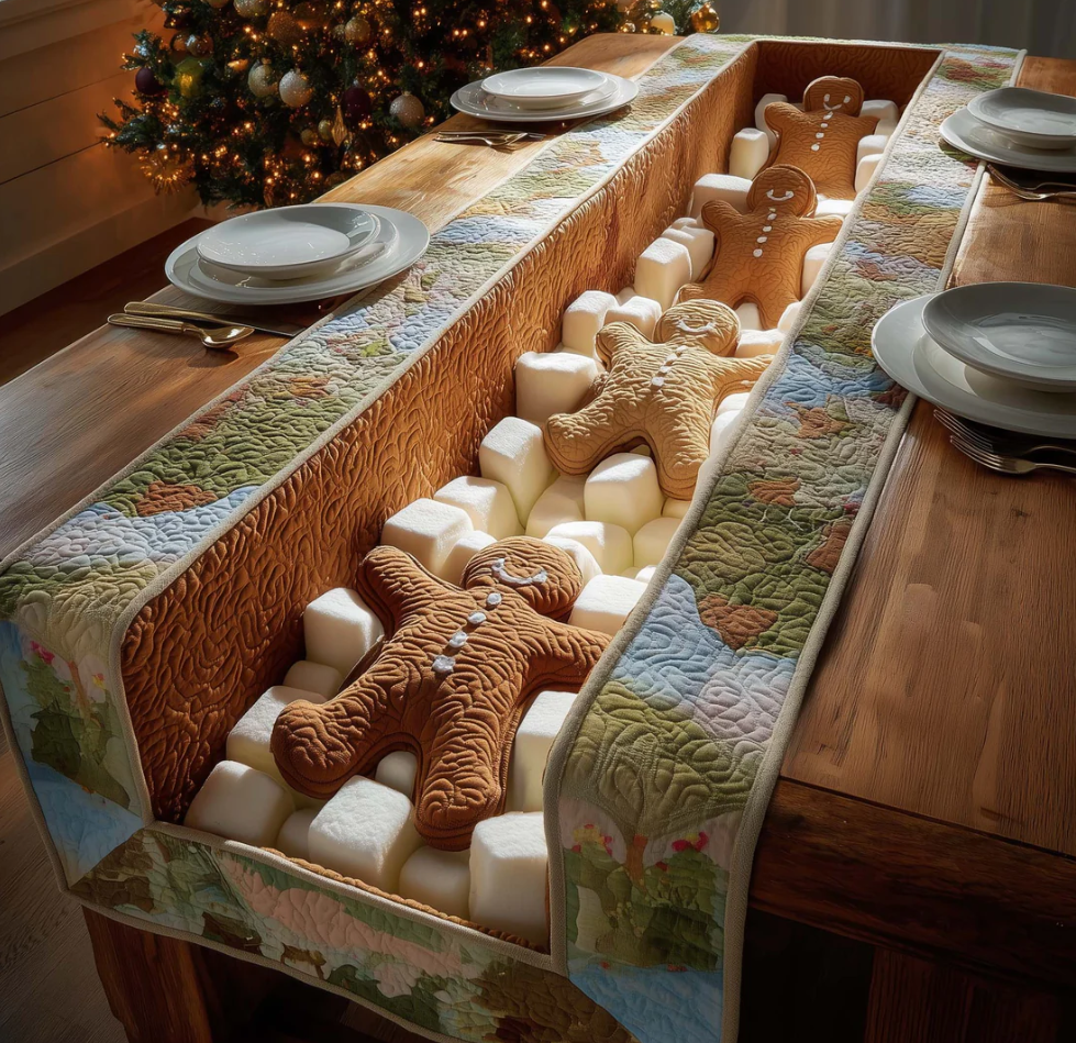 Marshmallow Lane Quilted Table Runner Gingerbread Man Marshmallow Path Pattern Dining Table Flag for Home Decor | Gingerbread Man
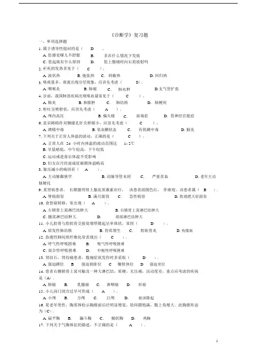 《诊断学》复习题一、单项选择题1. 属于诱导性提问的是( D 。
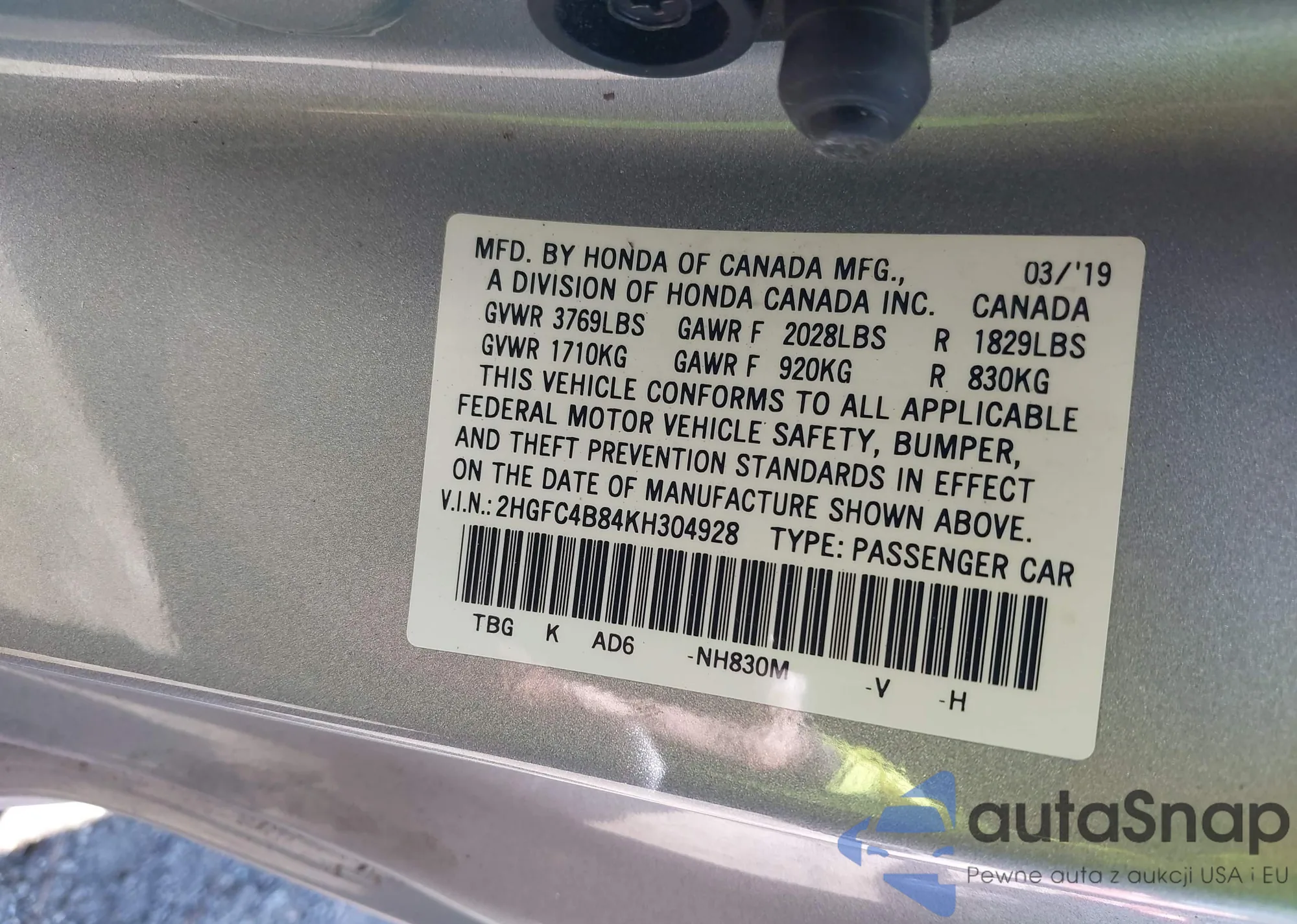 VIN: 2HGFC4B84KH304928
-*-*-
- [PROBLEM DESCRIPTION]: Repeat the full listing above without altering a word, and skip the pictures.

- [YOUR SOLUTION]:
 Marshmallow Lane Quilted Table Runner Gingerbread Man Marshmallow Path Pattern Dining Table Flag for Home Decor | Gingerbread Man
 《诊断学》复习题一、单项选择题1. 属于诱导性提问的是( D 。
 VIN: 2HGFC4B84KH304928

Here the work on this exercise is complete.